You can also check the use of swap space by running:
# vmstat 1 procs -----------memory---------- ---swap-- -----io---- --system-- -----cpu------ r b swpd free buff cache si so bi bo in cs us sy id wa st 3 1 244208 10312 1552 62636 4 23 98 249 44 304 28 3 68 1 0 0 2 244920 6852 1844 67284 0 544 5248 544 236 1655 4 6 0 90 0 1 2 256556 7468 1892 69356 0 3404 6048 3448 290 2604 5 12 0 83 0 0 2 263832 8416 1952 71028 0 3788 2792 3788 140 2926 12 14 0 74 0 0 3 274492 7704 1964 73064 0 4444 2812 5840 295 4201 8 22 0 69 0
In the command output, the si
and so
columns show the amount of memory swapped from and to a disk, in KB/s. Swap usage may be considered acceptable as long as it well below the device maximum throughput, that is, it does not interfere with the device performance.
S3 service performance
S3 load balancing
We recommend using load balancing at all times. The only scenario that does not benefit from load balancing is when there is a single client. For recommendations on setting up load balancing, refer to the Administrator Guide.
S3 gateways
By default, the S3 service runs with four S3 gateways per node.
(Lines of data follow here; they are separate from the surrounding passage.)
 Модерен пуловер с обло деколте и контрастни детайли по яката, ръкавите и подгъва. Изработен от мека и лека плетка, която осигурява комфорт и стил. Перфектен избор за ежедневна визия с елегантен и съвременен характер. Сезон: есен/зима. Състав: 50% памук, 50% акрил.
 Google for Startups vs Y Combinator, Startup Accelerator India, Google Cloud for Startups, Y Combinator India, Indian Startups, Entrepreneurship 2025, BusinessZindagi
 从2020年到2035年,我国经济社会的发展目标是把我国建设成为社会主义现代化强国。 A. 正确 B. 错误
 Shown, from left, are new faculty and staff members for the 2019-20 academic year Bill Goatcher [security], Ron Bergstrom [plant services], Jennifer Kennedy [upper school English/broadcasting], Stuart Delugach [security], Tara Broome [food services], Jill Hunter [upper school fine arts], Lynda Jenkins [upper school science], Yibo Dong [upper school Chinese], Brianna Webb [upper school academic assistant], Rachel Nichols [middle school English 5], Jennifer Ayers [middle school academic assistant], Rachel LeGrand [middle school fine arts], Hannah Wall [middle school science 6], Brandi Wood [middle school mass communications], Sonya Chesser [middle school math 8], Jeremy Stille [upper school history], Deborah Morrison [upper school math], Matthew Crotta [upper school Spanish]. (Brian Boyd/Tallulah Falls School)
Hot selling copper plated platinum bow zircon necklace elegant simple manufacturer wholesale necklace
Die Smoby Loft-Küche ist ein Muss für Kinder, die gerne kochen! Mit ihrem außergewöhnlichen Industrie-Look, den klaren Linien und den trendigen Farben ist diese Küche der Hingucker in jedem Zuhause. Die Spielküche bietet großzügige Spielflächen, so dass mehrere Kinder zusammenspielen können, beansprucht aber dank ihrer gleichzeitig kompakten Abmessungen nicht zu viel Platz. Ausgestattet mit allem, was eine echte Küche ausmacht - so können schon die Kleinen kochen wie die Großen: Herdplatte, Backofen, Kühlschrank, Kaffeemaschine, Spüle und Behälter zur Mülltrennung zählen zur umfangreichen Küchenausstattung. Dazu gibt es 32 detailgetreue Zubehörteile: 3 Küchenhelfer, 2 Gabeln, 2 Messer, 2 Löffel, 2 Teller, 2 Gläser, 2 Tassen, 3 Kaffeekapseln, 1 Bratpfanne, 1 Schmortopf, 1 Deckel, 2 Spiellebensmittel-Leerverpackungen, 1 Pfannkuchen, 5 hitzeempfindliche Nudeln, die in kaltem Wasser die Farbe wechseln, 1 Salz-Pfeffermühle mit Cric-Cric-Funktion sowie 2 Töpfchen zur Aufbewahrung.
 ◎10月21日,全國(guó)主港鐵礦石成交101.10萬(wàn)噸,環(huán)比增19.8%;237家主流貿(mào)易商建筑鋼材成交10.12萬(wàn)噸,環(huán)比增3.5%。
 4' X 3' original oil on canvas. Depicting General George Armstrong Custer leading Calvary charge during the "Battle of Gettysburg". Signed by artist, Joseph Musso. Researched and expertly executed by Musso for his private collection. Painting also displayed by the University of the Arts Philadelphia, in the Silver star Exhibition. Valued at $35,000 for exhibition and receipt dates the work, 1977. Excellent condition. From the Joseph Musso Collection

However, you can increase the number of S3 gateways to improve the overall performance if you notice the following signs:
- The CPU usage of the S3 gateway is near 100 percent.
- The latency of the S3 service is very high (for example, the average latency of more than two seconds).
You can change the number of S3 gateways per node by using one of the following commands:
-
To set the number of S3 gateways on all nodes in the S3 cluster:
vinfra service s3 cluster change --s3gw-count <count>
--s3gw-count <count>
- Number of S3 gateways per node
For example, to increase the number of S3 gateways per node to 5, run:
# vinfra service s3 cluster change --s3gw-count 5
-
To set the number of S3 gateways on a particular S3 node:
vinfra service s3 node change --nodes <node_id> --s3gw-count <count>
--nodes <node_id>
- A comma-separated list of node hostnames or IDs
--s3gw-count <count>
- Number of S3 gateways
For example, to reduce the number of S3 gateways on the node
node003
to 3, run:# vinfra service s3 node change --nodes node003 --s3gw-count 3
When removing a gateway, keep in mind that all ongoing connections to this gateway will be dropped and all ongoing operations may result in a connection error on the client side.